Russian hypermarket Lenta has revealed plans to list on the London Stock Exchange and then in Moscow as it hopes to raise an estimated $1bn.

Lenta shares will be offered by owners US buyout firm TPG Capital, the European Bank for Reconstruction and Development and Russia’s VTB Capital.

The value hypermarket chain said in an update to the City today that the float would aid its expansion plans. It has 77 hypermarkets across 45 Russian cities including 10 in Moscow.

However, Lenta has no plans to open stores in the UK in the “foreseeable future” a spokeswoman told Retail Week.

Lenta chief executive Jan Dunning said: “Our proposed offering represents a major milestone for us and comes at an exciting time in Lenta’s development.

“Over the past few years we have developed a distinctive, price-led hypermarket model with universal appeal and a focus on local assortment. Our efficient supply chain and standardised low-cost operating model enable us to provide customers with quality products at low prices.

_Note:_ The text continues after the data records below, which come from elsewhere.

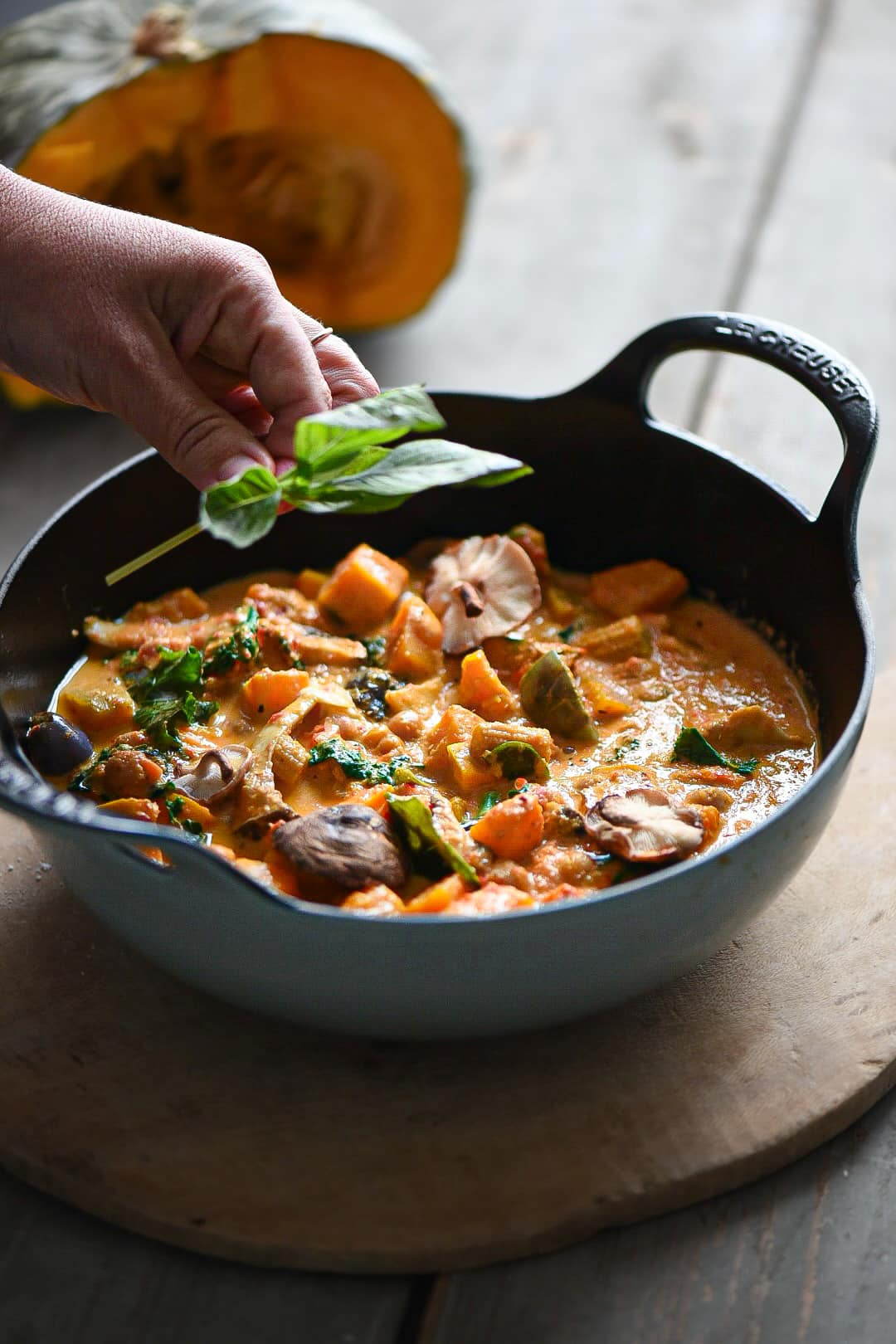 Impasteremo una focaccia alla zucca; prepareremo la pasta di curry rossa da usare in un delizioso thai curry vegetariano a base di zucca; sforneremo una cheesecake basca alla zucca.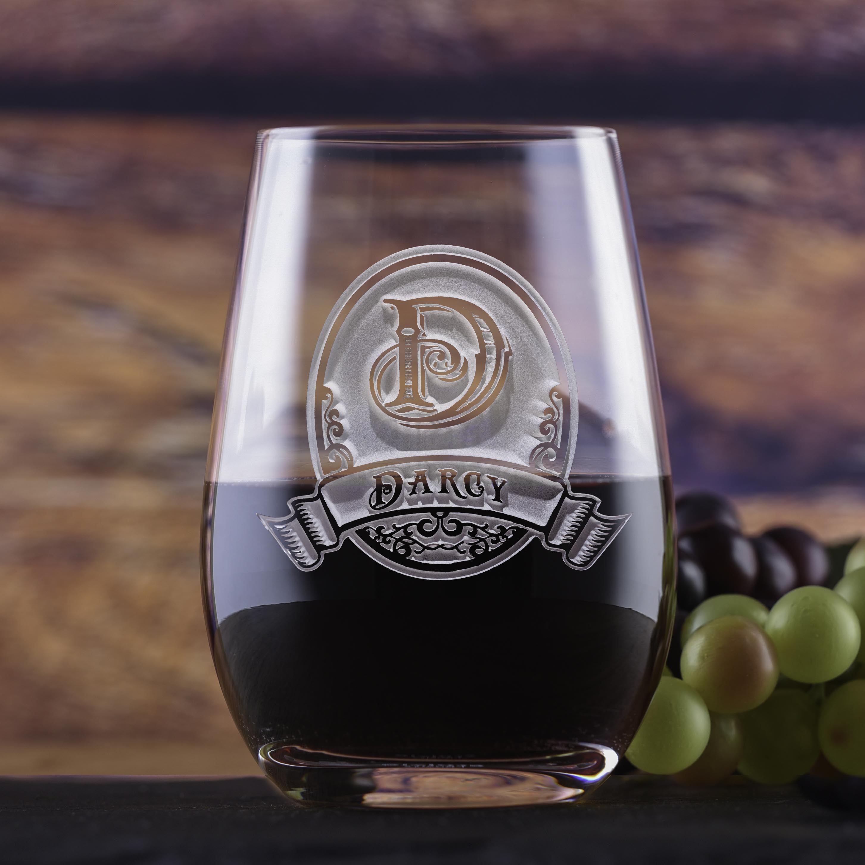 Personalized stemless wine glass tumbler. This Stolzle crystal 16.5 oz. stemless wine glass tumbler, deeply etched and personalized by Crystal Imagery will be the gift you will love to give or get! Custom engrave your monogram or company logo while delivering the quality you've come to expect from Stolzle. Crystal Imagery prides ourselves with providing a deep-relief, 3D finish when we custom engrave your barware gifts. Our artisans use a sand-carving method that canÕt be matched by laser engravers and etchers. We blast away a background panel around the monogram or logo to create a finish that is jaw-dropping. It's beautiful and natural at once, giving your table and party a classic elegance. Use it to serve wine, cocktails, soft drinks, and water. The versatile size makes it a favorite for nearly every occasion. Made of 100% lead free crystal, this Stolzle stemless wine tumbler provides higher clarity and brilliance than glassware that contains lead. The smooth touch and delicate chime of the glass lets your guests know they are receiving the very best product for enjoying special occasions. Plus, since it undergoes a fire tempering process during production to increase hardness and durability, it's guaranteed to last.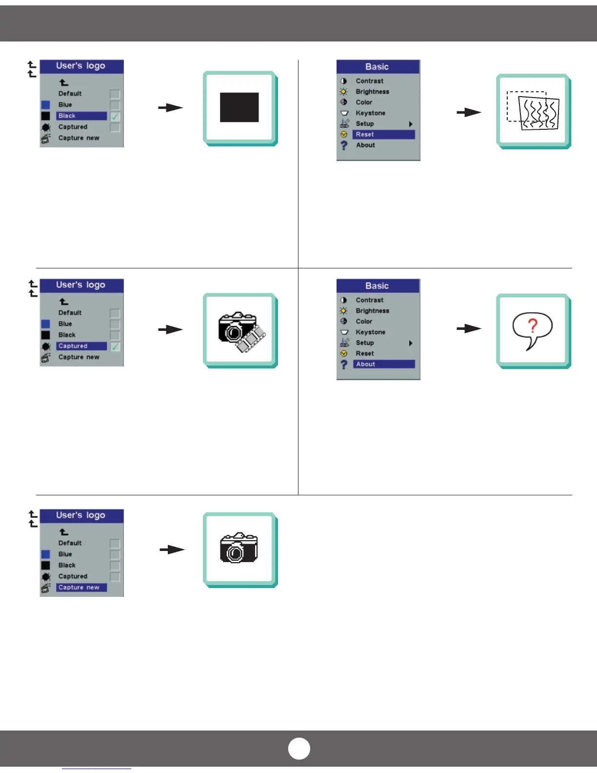 Projects the user defined logo screen when no source is connected. Ref Chap. H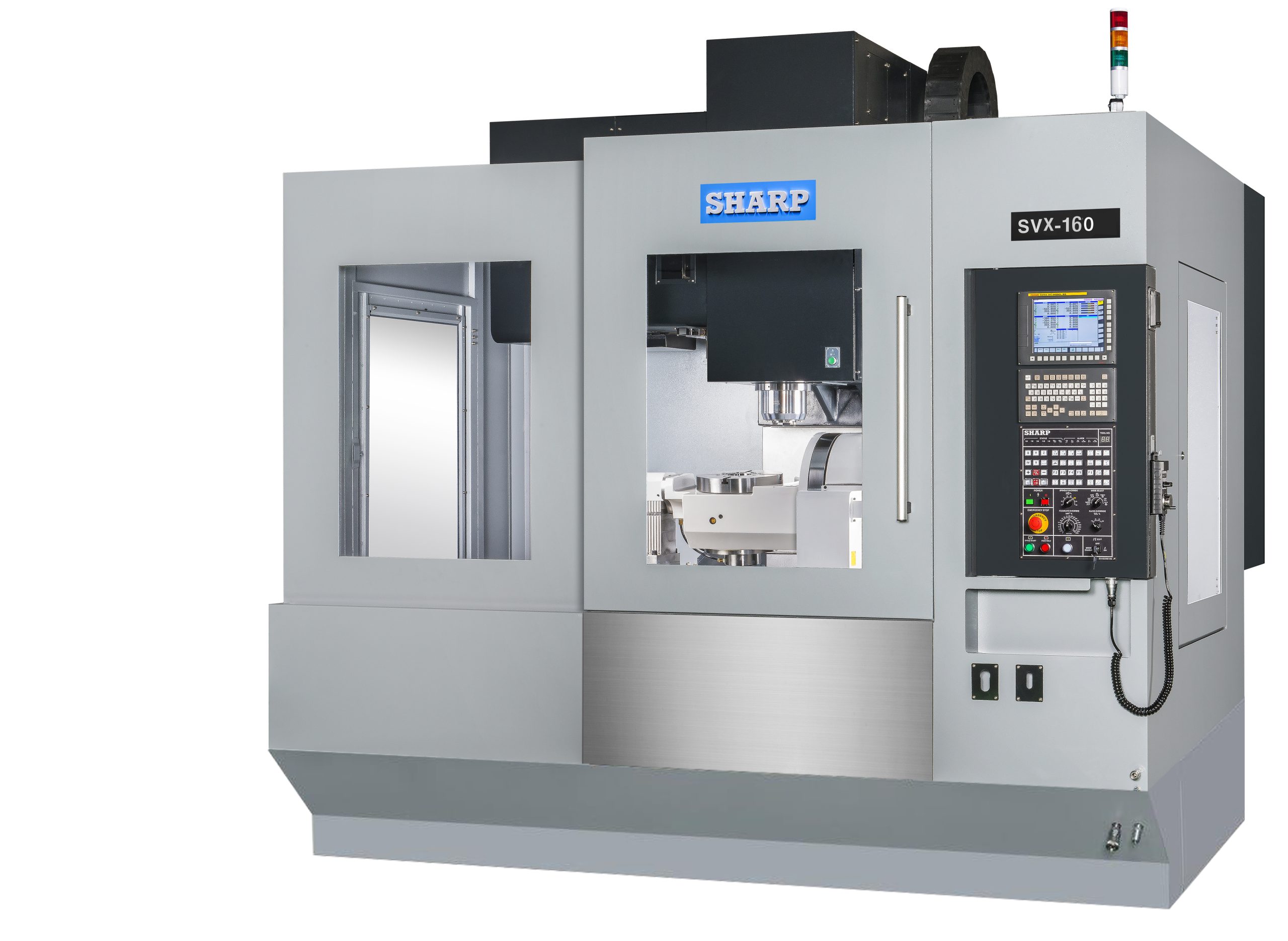está diseñado para tener una calidad sin igual y superar a todas las otras máquinas en su categoría. El SVX-160 de Sharp permite un mecanizado simultáneo de 5 caras y 5 ejes. A diferencia de los 3 ejes que requieren una configuración separada para cortar diferentes lados de una pieza, la máquina de 5 ejes requiere que la pieza se establezca solo una vez y se gire en una serie de posiciones para mecanizar cada lado sin la necesidad de restablecer la pieza. Todas las piezas fundidas principales del SVX-160 se analizan utilizando el Método de elementos finitos (FEM) para localizar áreas de tensión y deformación, múltiples condiciones de carga por desplazamiento térmico, por gravedad, centrífugo y forzado. El diseño de costillas extensas está definido correctamente para mantener la rigidez en toda la máquina.

“Our business model and flexible store formats have a proven ability to capture the growth potential in the Russian food retail market, and Lenta is now pushing ahead with a programme of store roll-outs across Russia.”

Credit Suisse, JP Morgan and VTB Capital are acting as joint global co-ordinators and joint bookrunners, Deutsche Bank and UBS Investment Bank are acting as joint bookrunners, TPG Capital BD, LLC is a co-manager. Rothschild is financial advisor to the retailer.